Unnamed: 0,country,code3
11,Australia,AUS
12,Austria,AUT
16,Bangladesh,BGD
28,Brazil,BRA
41,Chile,CHL
42,China,CHN
47,Congo,COG
71,France,FRA
79,Ghana,GHA
98,India,IND


Now let us try our hands on the areayield dataset.
Let us first know the crops (unique values) and then shall we select what we need to use in future.

In [34]:
cropsyield.typeName.unique()

array(['Almonds, with shell Production in tonnes',
       'Anise, badian, fennel, coriander Production in tonnes',
       'Apples Production in tonnes', 'Apricots Production in tonnes',
       'Barley Production in tonnes', 'Berries nes Production in tonnes',
       'Cotton lint Production in tonnes',
       'Cottonseed Production in tonnes', 'Figs Production in tonnes',
       'Fruit, citrus nes Production in tonnes',
       'Fruit, fresh nes Production in tonnes',
       'Fruit, stone nes Production in tonnes',
       'Grapes Production in tonnes', 'Linseed Production in tonnes',
       'Maize Production in tonnes',
       'Melons, other (inc.cantaloupes) Production in tonnes',
       'Millet Production in tonnes', 'Nuts, nes Production in tonnes',
       'Olives Production in tonnes', 'Oranges Production in tonnes',
       'Peaches and nectarines Production in tonnes',
       'Pears Production in tonnes', 'Pistachios Production in tonnes',
       'Plums and sloes Production in tonne

Now that we'll select only 10 crops to move forward with (This will make our work easier).
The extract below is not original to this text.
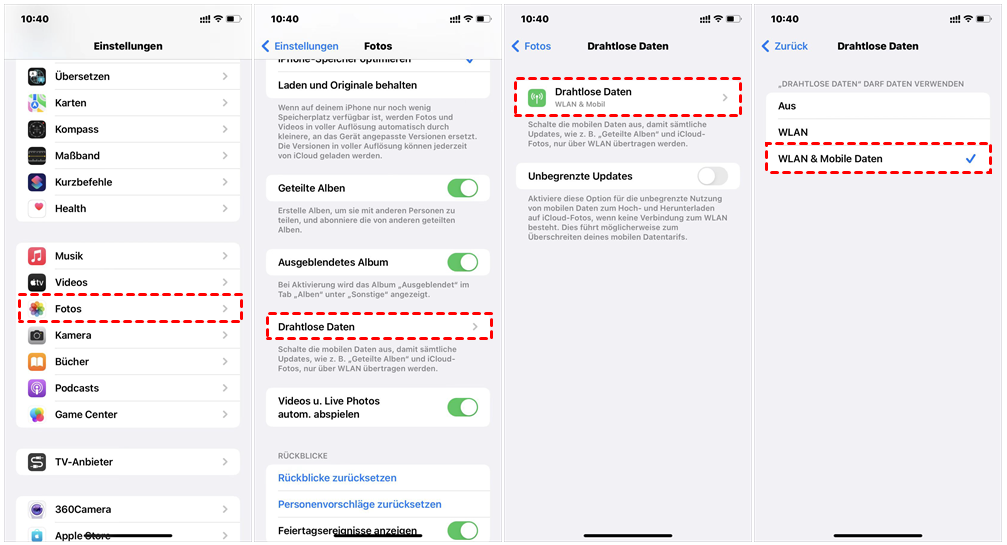 Schritte: Gehen Sie auf Ihrem iPhone und iPad zu „Einstellungen“ > scrollen Sie nach unten, um „Fotos“ zu finden > tippen Sie auf „Drahtlose Daten“ > klicken Sie auf „WLAN & Mobile Daten“.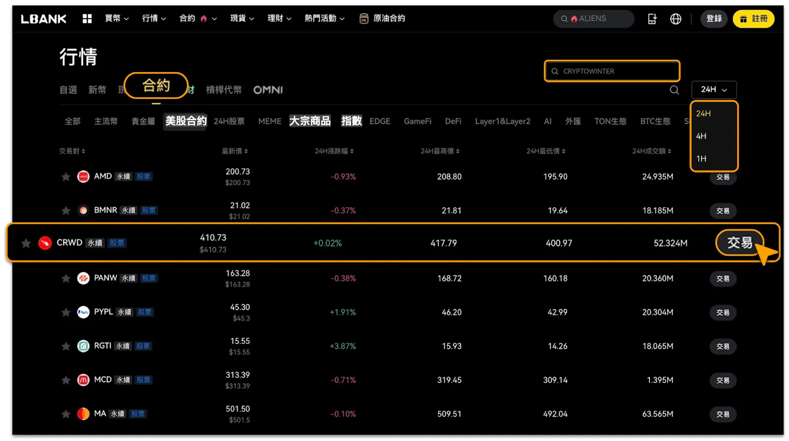 進入頁面後,選擇時間跨度後,瀏覽列表可用標的(如 AAPL-USDT、TSLA-USDT)詳情,包括該交易對的「最新價」、「24H漲跌幅」、「24H最高價」、「24H最低價」以及「24H成交額」;

If we want more we can change them later.

In [30]:
cropsincludes = ['Apples Production in tonnes',
                'Maize Production in tonnes',
                'Fruit, fresh nes Production in tonnes',
                'Potatoes Production in tonnes',
                'Rice, paddy Production in tonnes',
               'Vegetables Primary Production in tonnes',
               'Pulses, Total Production in tonnes',
               'Poppy seed Production in tonnes',
               'Sugar beet Production in tonnes',
               'Coffee, green Production in tonnes']
print("Total number of crops = ",len(cropsincludes))
cropsincludes

Total number of crops =  10


['Apples Production in tonnes',
 'Maize Production in tonnes',
 'Fruit, fresh nes Production in tonnes',
 'Potatoes Production in tonnes',
 'Rice, paddy Production in tonnes',
 'Vegetables Primary Production in tonnes',
 'Pulses, Total Production in tonnes',
 'Poppy seed Production in tonnes',
 'Sugar beet Production in tonnes',
 'Coffee, green Production in tonnes']

In [66]:
selectcrops = cropsyield[cropsyield.typeName.isin(cropsincludes)].copy()
selectcrops.index = range(len(selectcrops))
selectcrops = selectarea[selectarea.code3.isin(countryincludes)]
## We also need to eliminate data from countries we don't need!
selectcrops

Unnamed: 0,code3,typeName,1961,1962,1963,1964,1965,1966,1967,1968,...,2005,2006,2007,2008,2009,2010,2011,2012,2013,2014
0,AFG,Apples yield in hg/ha,68018.0,68018.0,68018.0,78298.0,82258.0,83212.0,90196.0,93311.0,...,72672.0,75000.0,85000.0,81919.0,85105.0,70000.0,70000.0,76519.0,76005.0,73000.0
1,AFG,"Fruit, fresh nes yield in hg/ha",51153.0,50109.0,52129.0,60544.0,63984.0,66607.0,71047.0,75299.0,...,99235.0,103347.0,107886.0,120000.0,150000.0,120000.0,70000.0,73690.0,74902.0,75000.0
2,AFG,Maize yield in hg/ha,14000.0,14000.0,14260.0,14257.0,14400.0,14400.0,14144.0,17064.0,...,12069.0,26204.0,26277.0,26277.0,21429.0,16448.0,16400.0,21986.0,21972.0,24882.0
3,AFG,Potatoes yield in hg/ha,86667.0,76667.0,81333.0,86000.0,88000.0,90667.0,98000.0,100000.0,...,150000.0,150000.0,150400.0,140000.0,140000.0,120000.0,100000.0,109524.0,131960.0,136054.0
4,AFG,"Rice, paddy yield in hg/ha",15190.0,15190.0,15190.0,17273.0,17273.0,15180.0,19223.0,19515.0,...,30313.0,33750.0,32471.0,32211.0,32250.0,32308.0,32000.0,24390.0,24980.0,24409.0
...,...,...,...,...,...,...,...,...,...,...,...,...,...,...,...,...,...,...,...,...,...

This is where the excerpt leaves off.